Move to revive anti-subversion law needs further study – Palace
MANILA, Philippines – The proposal to revive the anti-subversion law needs further study as Malacanang urged parents to educate their children not to join Left-leaning groups that may overthrow the government.
Presidential spokesperson Salvador Panelo said Interior Secretary Eduardo Año’s suggestion to outlaw membership in the Communist Party of the Philippines should be discussed thoroughly.
“Let’s see, that suggestion requires study also,” Panelo said in a press briefing on Tuesday, adding that he has yet to get President Duterte’s take on the issue.
He made the remarks following Año’s call to reinstate the anti-subversion law amid concerns that communist rebels are recruiting students in schools to take up arms or lead Left-leaning groups.
Año claimed that 1,000 students of universities and colleges are recruited into Left-leaning groups every year and that these students end up becoming fighters of the New People’s Army.
Pressed if reviving the anti-subversion law might open it to abuse and stifle dissent, Panelo said: “That’s why I said it requires study. It requires study, so let’s study it.”
He also noted Justice Secretary Menardo Guevarra’s remark that on the need to give more teeth to Republic Act 9372 or the 2007 Human Security Act, rather than revive an old law.
“They’ve been saying that we have to put more teeth to that. I think that should be addressed to the lawmakers because they are the ones legislating the laws. They should provide more teeth to that,” Panelo said.
RA 1700 or the anti-subversion law was passed in 1957 during the term of then President Carlos Garcia, outlawing membership in the CPP, and was expanded during the Marcos regime.
It was repealed in 1992 during the term of then President Fidel Ramos, making the CPP a legal group. Sedition, however, remained a crime.
He also assured that the Palace is concerned over such reports, especially that some students sometimes go missing and are reported to be dead in a skirmish with government troops.

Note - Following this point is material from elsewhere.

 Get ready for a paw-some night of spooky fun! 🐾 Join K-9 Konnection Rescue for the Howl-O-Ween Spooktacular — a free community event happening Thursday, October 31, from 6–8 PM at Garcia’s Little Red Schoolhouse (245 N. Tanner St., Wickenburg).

“Maybe our suggestion to the parents is to tell their children that the ideology has long passed and is passé, and they should not entertain joining any kind of subversive organization for their own sake,” he said.

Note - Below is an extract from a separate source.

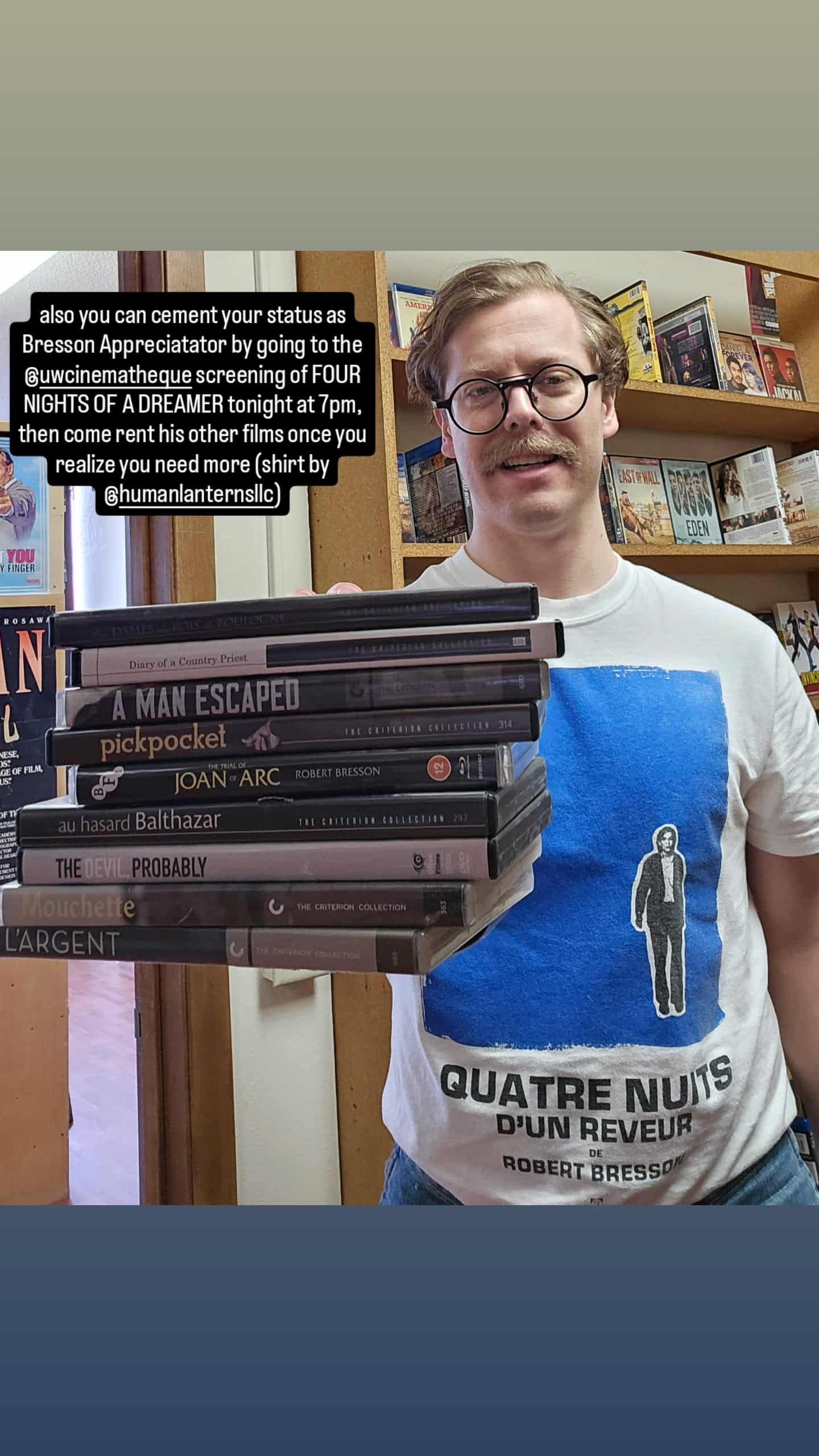 I turned to the person I know with a sizable wardrobe of movie tees here in Madison: Four Star Video Rental’s co-owner and Tone contributor, Lewis Peterson. These days he’s only behind the counter a couple times per week, but when I see him, he’s always flaunting a distinctive film-affiliated tee. (This past Monday, in a House [Hausu] hoodie, actually—not the Criterion design.) Whether that’s the Quatre Nuits D’Un Reveur de Robert Bresson tee through Human Lanterns LLC—to coincide with the November 22 screening at UW Cinematheque—or an on-set portrait of gun-slinging American cinema godfather Marty Scorsese (from andafterthat), Peterson has the hook-up. Though, it’s almost exclusively through an array of e-shops like his most endorsed Terminal Classic, Human Boy Worldwide, restricted.vr, Nervous Designs, Goodbye Press, and Scorpion Home Video / Das Bootleg.

Asked if college activism is wrong, the Palace official said it becomes wrong if one joins a group found to be allied with groups whose intention is to overthrow the government.

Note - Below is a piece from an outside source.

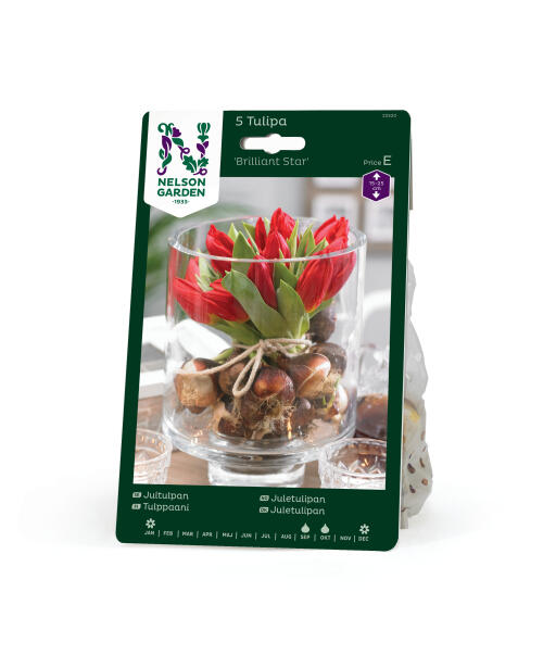 'Brilliant Star' är en sort registrerad i Nederländerna år 1906. Blommorna är lysande scharlakansröda. Sorten tillhör Tidiga Enkelblommiga Gruppen. Dessa lökar är lämpliga för inomhusdrivning till jul.

“If the Left-leaning organization is found to be allied with organizations that are subversive of our democratic society, then it becomes wrong and illegal,” Panelo said.
He went on: “But if you join organizations to express a grievance, legitimate grievance against the government, certainly it is not. It’s part of freedom of speech.”
Panelo stressed that one should be able to discern which group is legitimately expressing a concern or grievance, and which is subversive and allied with communist rebels.
“You have to distinguish between expressing yourself out of a legitimate concern for a grievance you perceive to be committed by local officials or national officials, as against joining an organization that is allied to communist organization found to be subversive in our democratic society,” he said.
He pointed out that there are many organizations out there which are not allied with the Left but still go to the streets to protest certain issues.
Panelo added that the idealism of the youth makes them want to spring to action on issues they feel are important, even if it means joining an organization to do so.
“But given the idealism of the youth, I’ve been a youth myself. You know how the young are, they long for action. They are easily encouraged to do something noble for the country, and if they feel that they have to join an organization to do that, they will,” he said.
Asked on Sen. Ronald dela Rosa’s proposal to increase police visibility in schools to prevent NPA recruitment, Panelo said this is unlikely to solve the problem.
“I wonder if the presence of police will stop recruitment. Because recruitments are usually done in secrecy,” he said.
He went on: “The presence of the police can prevent any crime from being committed inside the campus. But recruitment? I don’t think that it will solve it… Recruitment doesn’t even have to be in schools.”
Panelo noted that Año’s statement does not mean that the government is only focused on stunting NPA recruitment in colleges and universities.
“That’s only a few officials of government talking, not the whole of government. So it doesn’t mean that the whole government is focused on recruitment,” he said.
The Palace official added: “The administration is focused on serving and protecting the people. That will always be the basis.”